The serial number (1) (2) ... (10) represents the order in which the program runs in our work.
- (1) GSE59491_expr.R ---- Processing original data of GSE59491.
- (2) GSE73685_expr.R ---- Processing original data of GSE73685.
- (3) Ttest.R ---- It contains some functions used to select differentially expressed genes (DEGs), and is included in “DEgene.R”.
- (4) DEgene.R ---- Identify the differentially expressed genes (DEGs) on a dataset and find candidates with adjusted P-value < 0.05.
- (5) GSE59491_cel37_rep.R ---- Solve the regularized logistic regression with seven effective penalties, i.e., ridge, lasso, elastic net, L0, L1/2, SCAD and MCP.
- (6) Feature_select.R ---- Extract data from independent dataset and origina discovery dataset based on identified biomarker.
- (7) Class_ROC.R" ---- Verify the identified biomarkers on an independent dataset by the AUC value. (Figure 5 a in our work)
- (8) Box_PRS.R ---- Obtain the boxplot of of preterm risk score (PRS) on the independent dataset. (Figure 5 b in our work)
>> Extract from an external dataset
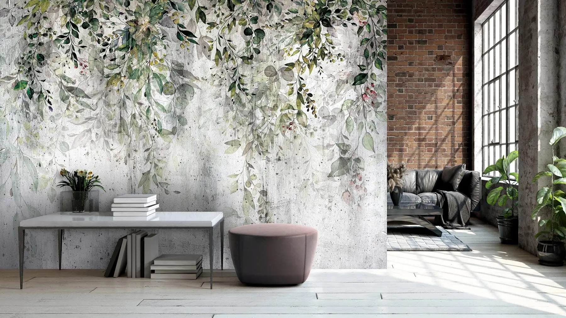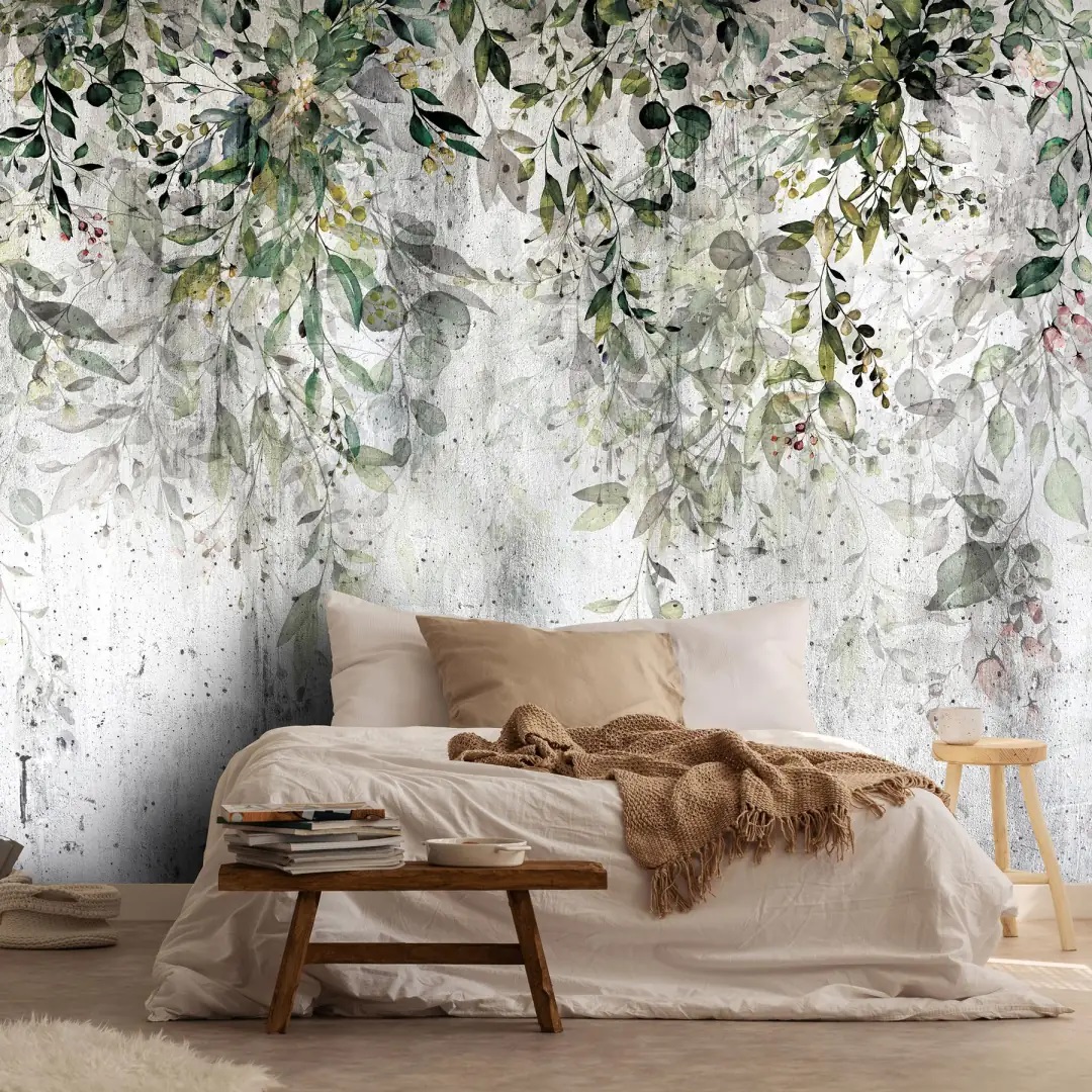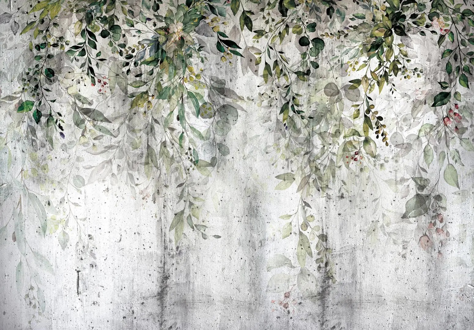 Trendi fotótapéta mintánk alapját betont imitáló fotó alkotja, melyen a leomló levélminta különleges, egyedi atmoszférát teremt.
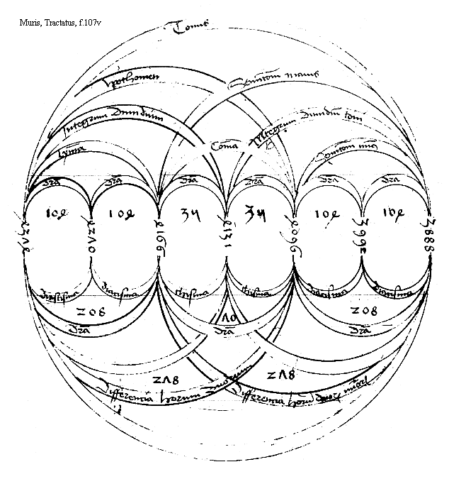 Per numeros qui neminem fallunt hoc idem aliter declaratur Sunt quinque toni continui Sicut dicitur in precedente tunc si super primum numerum qui est fundamentum relacionis sui tercia pars addatur exibit semel diatesseron per figuram circulorum super quam iterum producta sui tercia pars adiungatur ad eum similiter alia diatesseron producetur quare de primo ad ultimum erit bis diatesseron Igitur comparetur iste vltimus [f.99r] numerus faciens ad primum bis diatesseron ad vltimum numerum facientem quintum tonum et erit minor numerus qui bis diatesseron complet quam numerus faciens quintum tonum Ergo bis diatesseron non continet quinque tonos propter hoc hanc inspice figuram

- (9) Hyper_test.R ---- Calculate the number of overlapping genes selected by hypergeometric test. (Table 4 in our work)
- (10) StabilityLogReg.R (New added) -- Calculate the stability index, and prove the stability/robustness of the 20 biomarkers selected by our subset identification strategy (Lasso, Elastic net, L1/2, SCAD).
- Feature selection is one of the most fundamental problems in data analysis, machine learning, and data mining. Especially in domains where the chosen features are subject to further experimental research, the stability of the feature selection is very important. Stable feature selection means that the set of selected features is robust with respect to different data sets from the same data generating distribution.
- For data sets with similar features, the evaluation of feature selection stability is more difficult. An example of such data sets is gene expression data sets, where genes of the same biological processes are often highly positively correlated. Here, stability measures that take into account the similarities between feature subsets are defined as Hamming stability.
- We identified all combinations containing 4 sets from the 7 candidate sets, and calculated the stability index (stabilityHamming) of 35 combinations, the results are shown in the barplot obtained by R code StabilityLogReg.R.
- The red bar is the stability index of our chosen subset of features (2 3 5 6, i.e. Lasso, Elastic net, L1/2, SCAD), which ranks fifth out of all 35 combinations.
- This shows that the subset of features we choose not only has high accuracy/AUC, but also has high stability.
R code for five RFE feature selection methods.
- (1)"svmrfe.py" ---- SVM: SVM-RFE.
- (2) "abrfe.py" ---- SVM: AB-RFE.
- (3)"rfe_nnet.R" ---- SVM: NN-RFE.
- (4)"rfsvm.py" ---- SVM: RF-RFE.
- (5)"ref_knn.R" ---- SVM: KNN-RFE.
- (6)"feature_overlap_clear.R" ---- SVM: Intersection of feature subsets obtained by 5 RFE methods to identify biomarkers.
- (7)"feature_select_clear.R" ---- SVM: Extract features from the test set and verification set separately.
- (8)"RFE_ROC_clear.R" ---- SVM classifier.
- (9)"class_feature_clear.R" ---- SVM: Perform independent data set verification and draw ROC curve.
- (10) "cluster_clear.R" ---- SVM: Enrichment analysis of identified biomarkers.
This program package is supported by the copyright owners and coders "as is" and without warranty of any kind, express or implied, including, but not limited to, the implied warranties of merchantability and fitness for a particular purpose. In no event shall the copyright owner or contributor be liable for any direct, indirect, incidental, special, exemplary, or consequential damages (including, without limitation, procurement of substitute goods or services; loss of use, data, or profits; or business interruption), regardless of the theory of liability, whether in contract, strict liability or tort (including negligence or otherwise) for any use of the software, even if advised of the possibility of such damages.